Classic Hollywood: Honoring Jay Ward of Bullwinkle and Rocky fame

Written By kolimtiga on Sabtu, 25 Oktober 2014 | 23.51

In fall 1961, TV animation pioneer Jay Ward was awaiting NBC's prime-time launch of "The Bullwinkle Show" — his clever, satirical series that appealed to children and adult sensibilities.

The series revolving around the naive but resourceful squirrel Rocky and the sweet but clueless moose Bullwinkle had premiered two years earlier on ABC as "Rocky and His Friends." But the comedy had languished in a late-afternoon time slot after "American Bandstand."

Ward had not been happy with how ABC promoted his show — rather, how ABC had not promoted his show — and he wasn't about to let history repeat. So he and publicist Howard Brandy came up with a stunt: the Bullwinkle Block Party, held outside Ward's offices on Sunset Boulevard.

Ward got permission to close down all but one lane of Sunset. (One sign posted for motorists read: "Don't complain or we'll block this lane too.") He spread the word by inviting the press, said animation historian Darrell Van Citters, author of the new book "The Art of Jay Ward Productions." Los Angeles County Sheriff Peter Pitchess emceed the event, and Ward had sex symbol Jayne Mansfield drop by as a special guest.

According to TV Guide, some "5,000 milling, screaming, caterwauling" partygoers turned out.

Dressed as Napoleon, Ward capped the festivities with the unveiling of a 16-foot revolving fiberglass statue of Bullwinkle in a bathing suit, holding Rocky up high in his left hand — a parody of the old Las Vegas Stardust hotel billboard across from Ward's offices by the Chateau Marmont.

"Their icon was a showgirl in a bathing suit who rotated 360 degrees on the billboard," said daughter Tiffany Ward, head of Jay Ward Productions since his death in 1989. "She had her hand up, and in her hand was a mirrored ball."

Moose and squirrel were removed from Sunset Boulevard last year and restored by artist Ric Scozzari for DreamWorks Animation. The sculpture is now the centerpiece of "The Jay Ward Legacy Exhibit," running at the Paley Center for Media in Beverly Hills through the end of the year.

It was all about the funny for Ward, whose comedic sensibilities changed television animation. Ward realized that "it had to be a certain kind of funny," Van Citters said. "They called it 'Jay-rated.' It had to be acceptable for kids but still funny for adults."

The show's dialogue is as sharp and as funny now as it was more than five decades ago:

Rocky: "Bullwinkle, it says here that for you to inherit the fortune, you have to spend the weekend in the ancestral home Abominable Manor."

Bullwinkle: "That's no problem. I've been living in an abominable manner all my life."

Ward surrounded himself with the best talent. Bill Scott, the voice of Bullwinkle, Dudley Do-Right and Mr. Peabody, was hired to write the pilot. "Then he did more and more," Van Citters said. "He became his business partner, producer and head writer."

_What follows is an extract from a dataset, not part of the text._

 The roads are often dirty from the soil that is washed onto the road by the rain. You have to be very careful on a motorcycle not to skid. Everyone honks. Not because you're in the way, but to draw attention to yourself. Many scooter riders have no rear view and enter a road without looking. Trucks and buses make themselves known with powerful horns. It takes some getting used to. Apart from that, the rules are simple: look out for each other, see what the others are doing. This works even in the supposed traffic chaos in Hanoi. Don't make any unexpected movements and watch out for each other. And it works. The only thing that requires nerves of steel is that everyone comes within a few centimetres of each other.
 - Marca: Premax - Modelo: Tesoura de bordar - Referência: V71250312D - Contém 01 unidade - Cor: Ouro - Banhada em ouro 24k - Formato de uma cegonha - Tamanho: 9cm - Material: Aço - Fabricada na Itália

Ward hired top directors and animators, many of whom had worked at United Productions of America (better known as UPA, the studio behind "Mr. Magoo"), and writers including a young Allan Burns ("The Mary Tyler Moore Show") and Chris Hayward ("Get Smart"). Besides Scott and June Foray (the voice of Rocky), the series featured such veterans as Edward Everett Horton, Hans Conried, William Conrad, Paul Frees (Boris Badenov) and Daws Butler (perhaps best known as the voice of Yogi Bear).

The Paley exhibition features about 60 pieces of rare artwork, sculpture and memorabilia from Jay Ward Productions. That covers not only Rocky and Bullwinkle but also Boris and Natasha, the bumbling spies whose dastardly deeds were thwarted by moose and squirrel, as well as "Peabody's Improbable History," "Dudley Do-Right of the Mounties," "Fractured Fairy Tales" and "Aesop & Son."

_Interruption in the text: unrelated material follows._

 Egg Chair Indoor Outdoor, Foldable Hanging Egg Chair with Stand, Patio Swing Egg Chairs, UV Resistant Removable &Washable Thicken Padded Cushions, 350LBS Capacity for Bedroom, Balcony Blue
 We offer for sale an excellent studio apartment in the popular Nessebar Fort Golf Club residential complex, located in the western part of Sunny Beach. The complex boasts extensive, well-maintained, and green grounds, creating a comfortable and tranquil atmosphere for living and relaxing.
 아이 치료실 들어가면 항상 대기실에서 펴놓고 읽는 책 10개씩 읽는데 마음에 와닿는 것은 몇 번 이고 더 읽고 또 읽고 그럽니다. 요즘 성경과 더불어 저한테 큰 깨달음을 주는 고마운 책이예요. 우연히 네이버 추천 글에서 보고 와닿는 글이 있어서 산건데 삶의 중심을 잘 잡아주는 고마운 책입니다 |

Among the highlights are original model sheets (character studies) for Rocky and Bullwinkle, model sheets and drawings for DreamWorks' 2014 film "Mr. Peabody & Sherman," character designs from "Aesop & Son" and "Fractured Fairy Tales" and even a gooney bird statue, also restored by Scozzari, which sat atop the old Dudley Do-Right Emporium on Sunset Boulevard.